Just like its direct predecessor, Grand Theft Auto 4 benefits from the shoulder perspective, which makes fast and accident-free car journeys possible in the first place.



Just like its direct predecessor, Grand Theft Auto 4 benefits from the shoulder perspective, which makes fast and accident-free car journeys possible in the first place.
Source: Rockstar Games/plassma media agency


Thanks to the iso perspective, you could see every room from above, so that all objects had a width, depth and height, even on weak 8-bit home computers such as the Commodore 64 or the Amstrad CPC.

However, the form of representation also had a huge disadvantage: due to the fixed camera, one could never be sure whether two platforms to be seen side by side were at the same height or offset from one another.

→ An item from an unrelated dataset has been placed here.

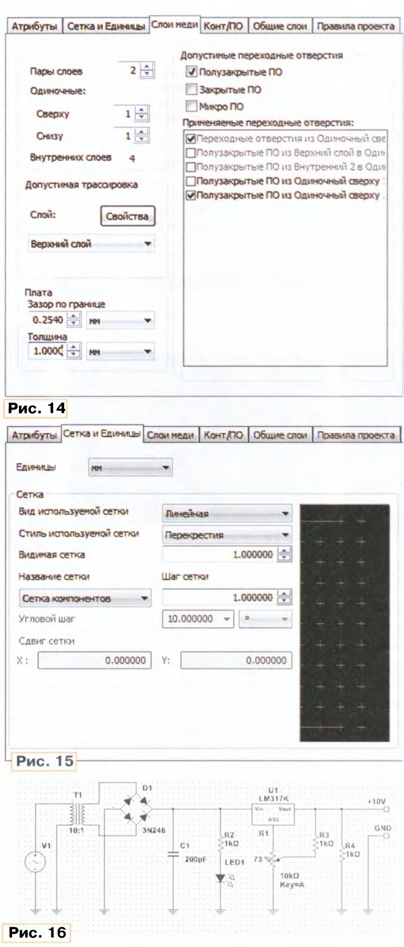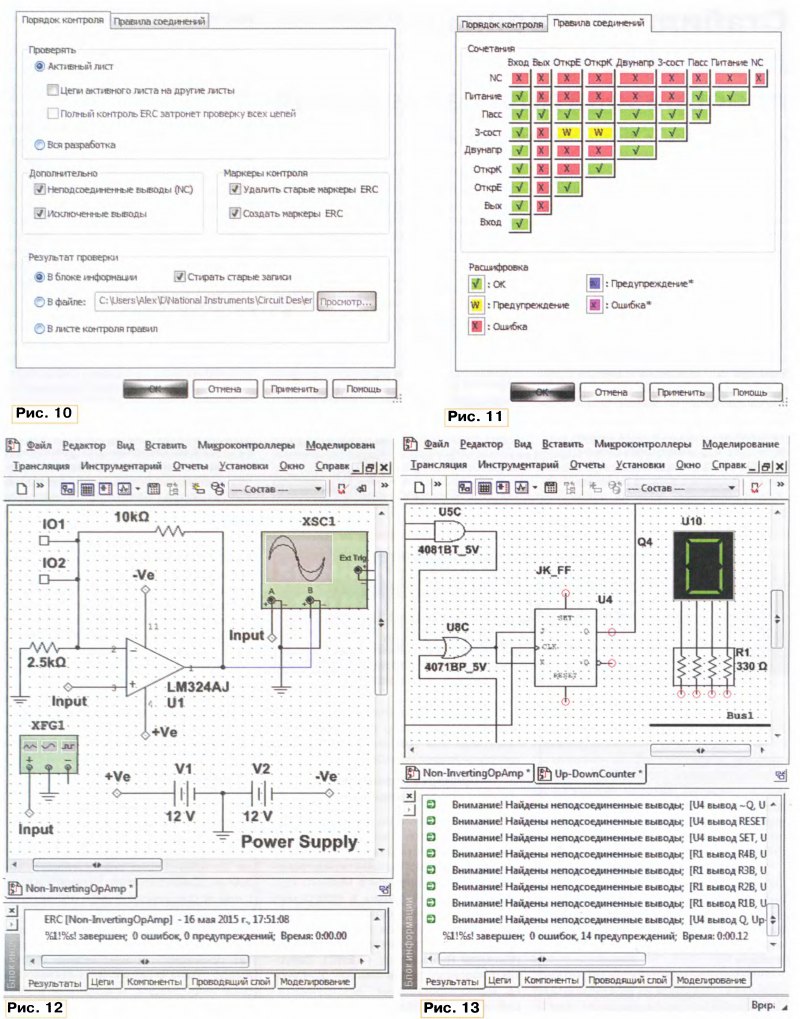 Тема: [09-2015] Проектирование электронных среде N1 Design Tool. Часть 2Проектирование электронных среде N1 Design Tool. Часть 2 Т. Колесникова, г. Хмельницкий, Украина огда устройство "собрано" в рабочем окне программы Multisim 12.0 и к нему "подключены" все необходимые приборы, анализ его работы начинают с помощью экранной кнопки "Выключатель моделирования", которая находится в правом верхнем углу окна программы или же с помощью экранной кнопки "Пуск" на панели инструментов "Моделирование”. Ту же функцию выполняет и клавиша F5. Чтобы временно приостановить процесс моделирования, используйте экранную кнопку "Пауза", находящуюся в правом верхнем углу окна программы, а также экранную кнопку "Пауза" панели инструментов "Моделирование" или клавишу F6. Остановить моделирование можно повторным нажатием на экранную кнопку "Выключатель моделирования" или с помощью экранной кнопки "Стоп" на панели инструментов "Моделирование". Результаты моделирования можно вывести на принтер или передать в текстовый или графический редактор для дальнейшей обработки. Проверка правильности соединений При соединении на экране компьютера компонентов электрических схем сложных устройств между собой не исключены ошибки. Поэтому перед трансляцией подготовленной в Multisim 12.0 принципиальной схемы в программу Ultiboard 12.0 для разработки печатной платы рекомендуется проверить правильность электрических соединений (Electrical Rules Check — ERC). Запускают проверку, подав команду основного меню программы "Инструментарий—Проверка правил соединений". Отчёт о результатах проверки будет выведен на панель "Блок информации" на вкладке "Результаты", которая находится в нижней части окна программы. Для быстрого поиска места выявленной ошибки на схеме щёлкните дважды левой кнопкой мыши по строке с описанием ошибки на вкладке "Результаты". На схеме это место будет подсвечено. Режимы и правила проверки задают в окне "Контроль электрических соединений", которое открывают командой "Инструментарий->Проверка правил соединений". Это окно содержит две вкладки. Рассмотрим вкладку "Порядок контроля" (рис. 10) более подробно. В её верхней части находится поле "Проверять", в котором можно задать проверку только активного листа схемы либо всей схемы целиком. Поле "Маркеры контроля" предоставляет возможность путём установки флажков задать необходимость создания на схеме маркеров ERC, отмечающих ошибки, а также удалить старые маркеры ERC. В поле "Дополнительно" аналогичным образом указывают, считать ли ошибками ни с чем не соединённые либо отсутствующие на схеме выводы компонентов. В нижней части вкладки "Порядок контроля" расположено поле "Результат проверки". В нём можно задать вывод отчёта о результатах проверки в блок информации, в файл или в лист контроля правил и удаление результатов предыдущих проверок ("Стирать старые записи"). На вкладке "Правила соединений" (рис. 11) задают уровень серьёзности выявляемых ошибок: предупреждение, ошибка, игнорировать. ![]() Запускают процедуру проверки схемы с помощью экранной кнопки ОК в окне "Контроль электрических соединений". На рис. 12 представлены схема, в которой проверка ошибок не выявила, и отчёт о результатах этой проверки на вкладке "Результаты" панели "Блок информации". Рис. 13 демонстрирует схему, в которой ошибки имеются (их места помечены цветными маркерами), вместе с отчёт

Among the pioneers of Perspective were the Englishmen Ultimate, who renamed themselves Rare in the mid-1990s. With Knight Lore (1984), the developer conceived the first officially recognized action-adventure from the iso perspective and celebrated such a great success with it that the games market was flooded with numerous imitators.

Among the most popular were the Amstrad CPC comic adaptation Batman (1986), the puzzle-heavy Head over Heels (1987), and the audiovisually spectacular The Last Ninja (1987).

A close relative of the iso perspective is the cavalier perspective, which also shows the game world rigidly from above and uses a different vanishing point. It’s not in the center, but in a corner of the screen. The result: you usually have a clear view of the front wall of a building, while one side wall slopes backwards and the other is completely covered.